See the section above for commands that can be used to re-ingest and re-aggregate the data.
roles.json
Defines roles and the modules and statistics that each role grants access to. The dimensions roles are associated with are also defined here.
By default, there is a public role (pub
) for users that have not
signed in and several other roles that apply to authenticated users.
There is also a default
role that is used as a basis of all the other
roles. The other roles are user (usr
), center director (cd
),
principal investigator (pi
), center staff (cs
) and manager (mgr
).
{
"roles": {
"default": {
"permitted_modules": [
{
"name": "tg_summary",
"default": true,
"title": "Summary",
"position": 100,
"javascriptClass": "XDMoD.Module.Summary",
"javascriptReference": "CCR.xdmod.ui.tgSummaryViewer",
"tooltip": "Displays Summary Information",
"userManualSectionName": "Summary Tab"
},
...
],
"query_descripters": [
{
"realm": "Jobs",
"group_by": "none"
},
...
],
"summary_charts": [
...
],
},
"usr": {
"extends": "default",
"dimensions": [
"person"
]
},
"cd": {
"extends": "default",
"dimensions": [
"provider"
]
},
"pi": {
"extends": "default",
"dimensions": [
"pi"
]
},
"cs": {
"extends": "default",
"dimensions": [
"provider"
]
},
"mgr": {
"extends": "default",
"dimensions": [
"person"
]
}
}
}
organization.json
Defines the organization name and abbreviation.
{
"name": "Example Organization",
"abbrev": "EO"
}
resources.json
Defines resource names and types. Each object in the array represents the configuration for a single resource.
Optionally, allows specifying a column in the resource specific job
table to identify the PI. The column names that may be used with this
feature must exist in the corresponding shredded_job_*
table (e.g.
shredded_job_pbs
, shredded_job_slurm
) of the mod_shredder
database
for the resource manager you are using.
For example, to use accounts from PBS/TORQUE you must use
"pi_column": "account"
, but to use accounts from Slurm you must use
"pi_column": "account_name"
.
The "shared_jobs"
option indicates that the resource allows multiple
to share compute nodes. This information is used by the Job Performance
Data (SUPReMM) module to determine which HPC jobs shared compute nodes.
The default is that resources are assumed to not allow node sharing. If
the SUPReMM module is in use and a resource does allow node sharing then
this should be set to true
.
For cloud resources the timezone is not used and times are converted to the local timezone that the server is in.
[
{
"resource": "resource1",
"name": "Resource 1",
"description": "Our first HPC resource",
"resource_type": "HPC"
},
{
"resource": "resource2",
"name": "Resource 2",
"resource_type": "HPC",
"pi_column": "account_name"
},
{
"resource": "resource3",
"name": "Resource 3",
"resource_type": "HPC",
"timezone": "US/Eastern",
"shared_jobs": true
},
{
"resource": "resource4",
"name": "Resource 4",
"resource_type": "Cloud"
}
]
resource_specs.json
Defines resource node and processor counts. Each object in the array represents a resource’s specifications for a given time interval. If the number of nodes and processors in a resource have changed over time, multiple entries are required for that resource to calculate an accurate utilization metric.

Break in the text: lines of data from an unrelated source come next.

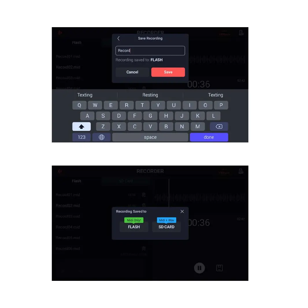 Die Aufnahmedateien können auf FLASH oder einer SD-Karte gespeichert werden. Die in FLASH gespeicherten Dateien können nur als MIDI-Dateien gespeichert
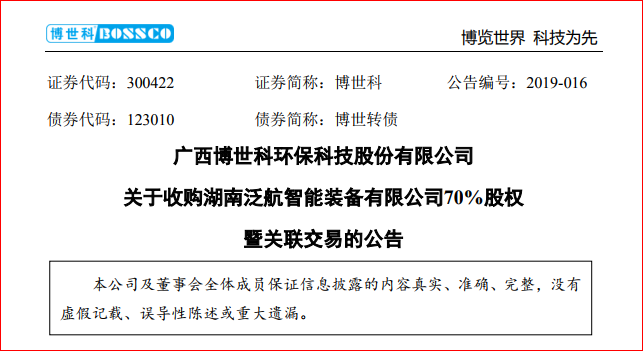日前,廣西博世科環(huán)??萍脊煞萦邢薰?簡稱“博世科”)發(fā)布公告,公司擬收購西藏廣博環(huán)保投資有限責(zé)任公司持有的湖南泛航智能裝備有限公司(簡稱“泛航裝備”)70%股權(quán)。本次收購?fù)瓿珊?,泛航裝備將成為公司的控股子公司。 公告顯示,標(biāo)的公司泛航裝備成立于201...
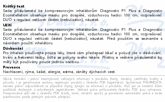 Sada příslušenství ke kompresorovým inhalátorům Diagnostic P1 Plus a Diagnostic Econstellation obsahuje masku pro dospělé, vzduchovou hadici 100 cm, rozprašovač DUO s regulací velikosti částek (nebulizátor), náustek.
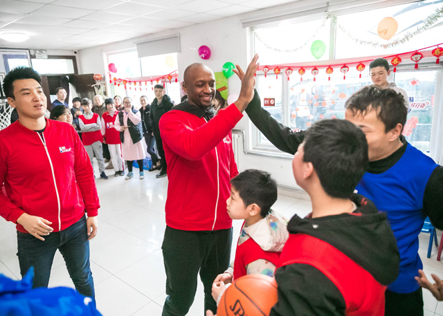 来到康复中心布置的活动场地,特里通过简单的传球动作很快和孩子们熟悉起来,肢体上的障碍不能阻挡孩子们对篮球的热情,胸前传球、击地传球,他们都努力克服困难去完成,每抛出一个好球都开心不已。
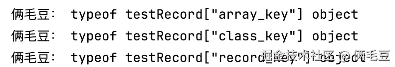 console.log("俩毛豆: testRecord[array_key] is Record false");
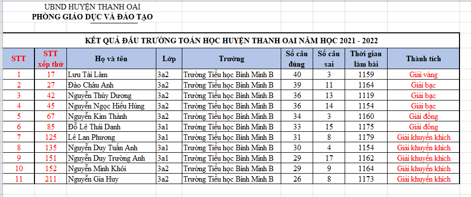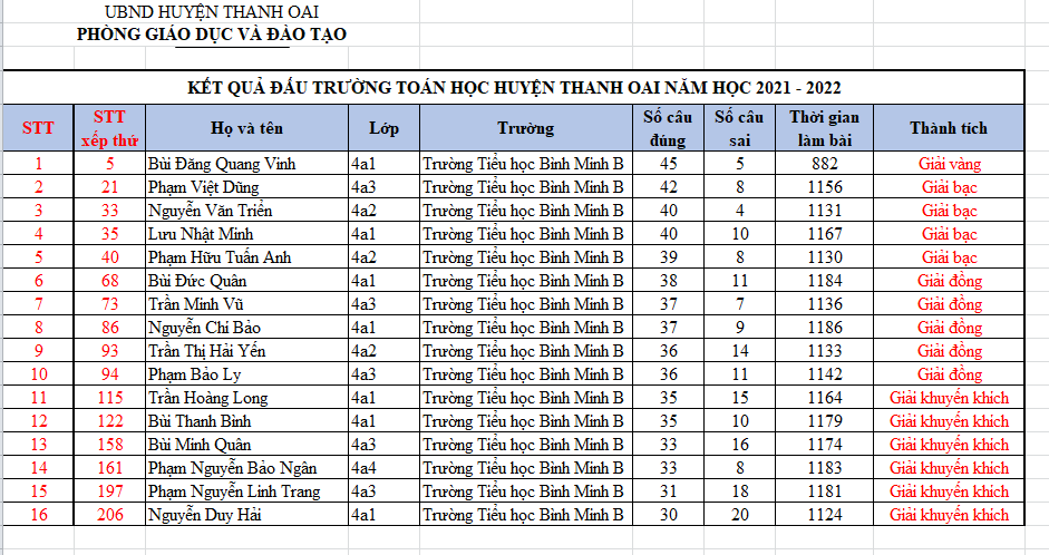 KẾT QUẢ THI ĐẤU TRƯỜNG TOÁN HỌC CẤP HUYỆN NĂM HỌC 2021-2022 CỦA TRƯỜNG TIỂU HỌC BÌNH MINH B
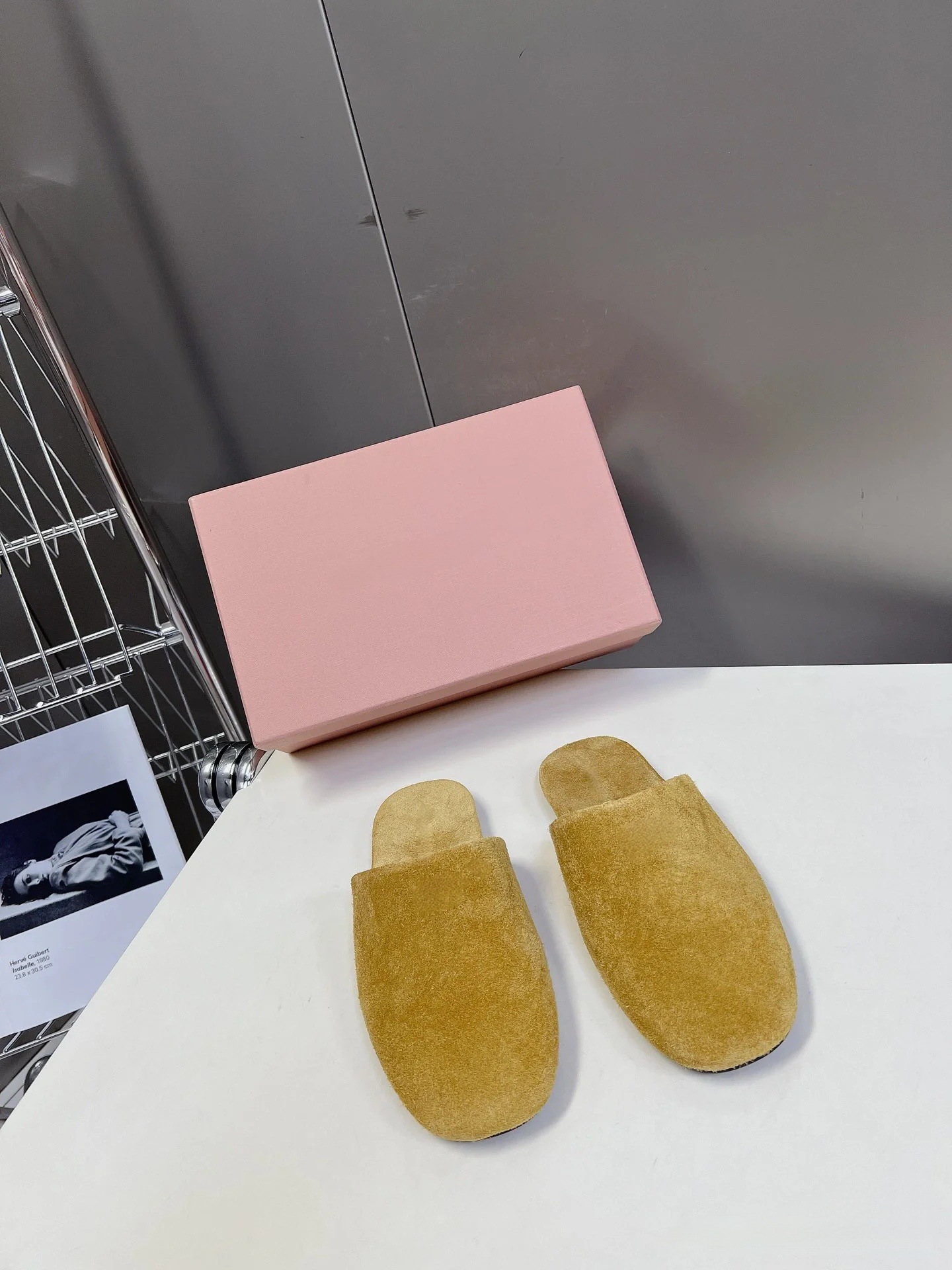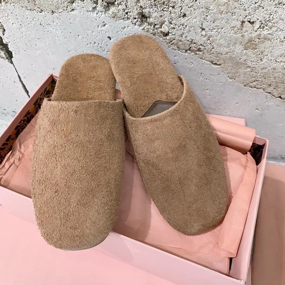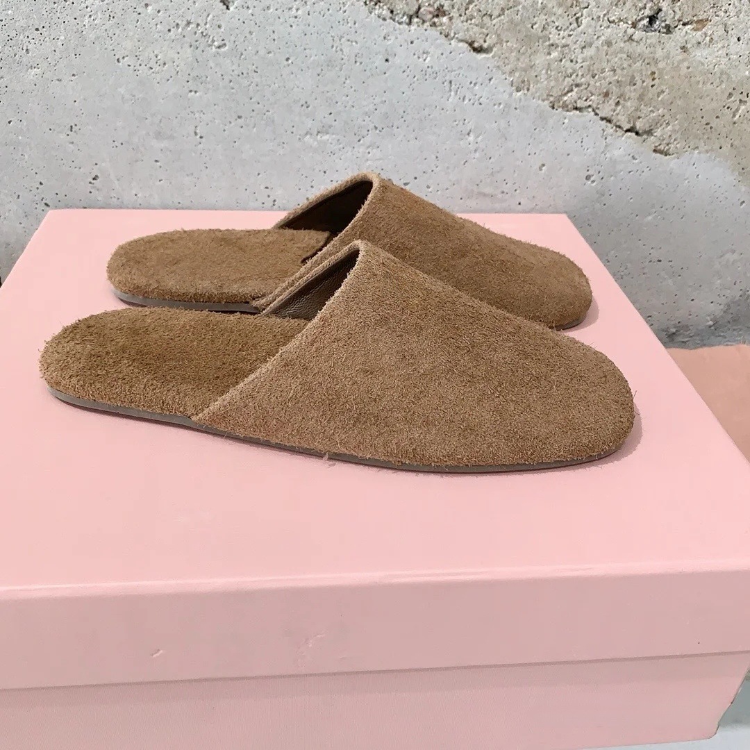 Miu Vintage Square Toe Mueller 신발 가을과 겨울 새로운 편안한 올 매치 플랫 게으른 캐주얼 발가락 하프 슬리퍼 여성용 샌들스토어 가기
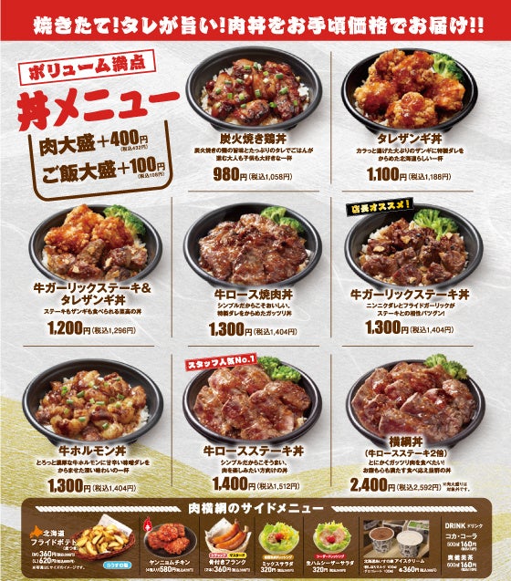 提供するメニューは定番のステーキ丼・カルビ丼をはじめ、北海道らしいザンギ丼や変わり種のみそ味ホルモン丼などの全8種類。その他、サラダなどのサイドメニューも取り揃えています。
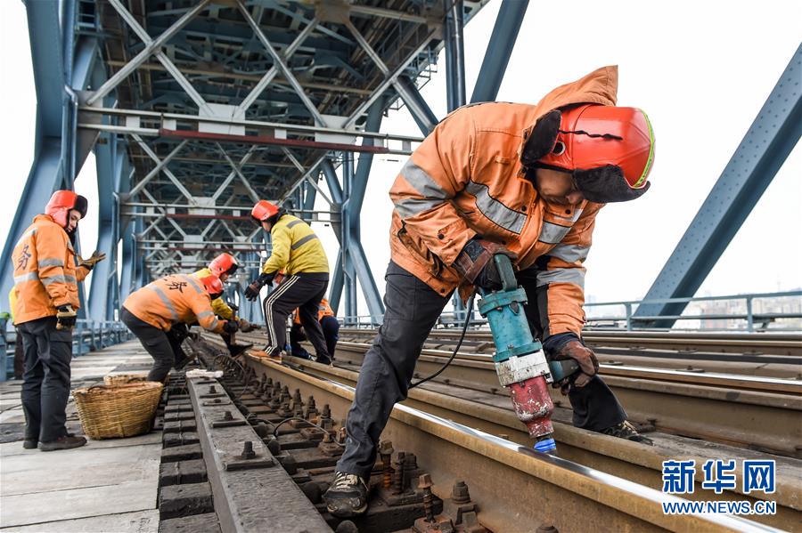 線路工劉非(右一)在南京長(zhǎng)江大橋鐵路橋進(jìn)行木枕改道作業(yè)(12月27日攝)。
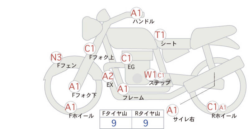 Красным маркером на схеме отмечаются места косметических повреждений.
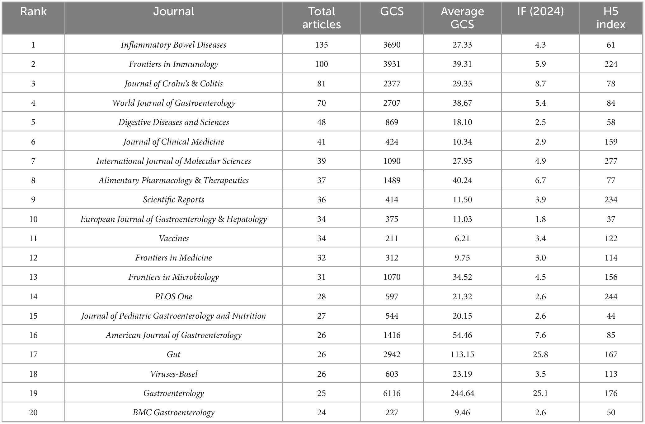 A total of 966 journals were represented in the virus-IBD research. Table 4 presents the top 20 journals by publication volume. Inflammatory Bowel Diseases led with 135 articles, followed by Frontiers in Immunology (100) and Journal of Crohn’s & Colitis (81). In terms of GCS, Gastroenterology received the highest total GCS (6,116), far exceeding other journals, and achieved the highest average GCS (244.64). Frontiers in Immunology ranked second in total GCS (3,931), while Gut recorded the second-highest average GCS (113.15). Regarding journal influence metrics, Gut and Gastroenterology led with the highest Impact Factors (25.8 and 25.1, respectively). Among the H5 index values, which reflect recent scholarly impact, International Journal of Molecular Sciences scored highest (277), followed by PLOS One (244) and Scientific Reports (234). These metrics collectively underscore the significant role of these journals in disseminating high-impact virus-IBD research.
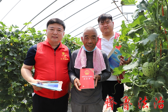 齐鲁法治(济宁讯)于清林 “这个民法典里面规定的都很好,俺种瓜跟人家签合同,我都是从这民法典里面看的法条,再问问咱的法律顾问,对比着合同上面的内容,看看有哪些是不合理的地方,然后修改合同,避免以后出现什么问题”家住金乡县胡集镇的马大爷跟普法志愿者说道。
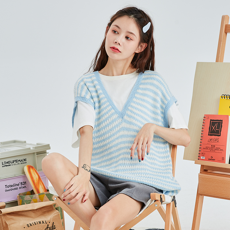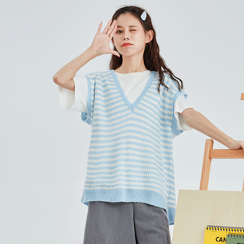 唐狮V领蓝色条纹毛衣马夹女春秋新款少女感背心温柔外搭女针织衫

Note that if there is a single entry for a resource, both the
start_date
and end_date
may be omitted. If a resource has multiple
entries, the start_date
may be omitted from the first and end_date
may be omitted from the last.
It is also possible to change the utilization metric by specifying a
percent allocated (see percent_allocated
below). The utilization will
then be normalized against this percentage. This allows you to specify
the total number of nodes and processors in a resource, but force the
utilization percentage to be displayed as if only a fraction of those
processors are allocated to the jobs stored in the Open XDMoD data
warehouse. If this data is omitted, it is assumed that the resource is
100% allocated.
[
{
"resource": "resource1",
"nodes": 64,
"processors": 1024,
"ppn": 16
},
{
"resource": "resource2",
"end_date": "2013-12-31",
"nodes": 32,
"processors": 256,
"ppn": 8
},
{
"resource": "resource2",
"start_date": "2014-01-01",
"end_date": "2014-01-15",
"nodes": 64,
"processors": 512,
"ppn": 8,
"percent_allocated": 100
}
{
"resource": "resource2",
"start_date": "2014-01-16",
"nodes": 65,
"processors": 520,
"ppn": 8,
"percent_allocated": 90
}
]
resource_types.json
Defines resource types and associates resource types with realms. Each
resource in resources.json
should reference a resource type from this file.
This file typically should not be changed.
update_check.json
Determines if Open XDMoD will automatically check for updates. Set
"enabled": false
to disable.
{
"enabled": true,
"name": "John Doe",
"organization": "Acme Widgets",
"email": "j.doe@example.com"
}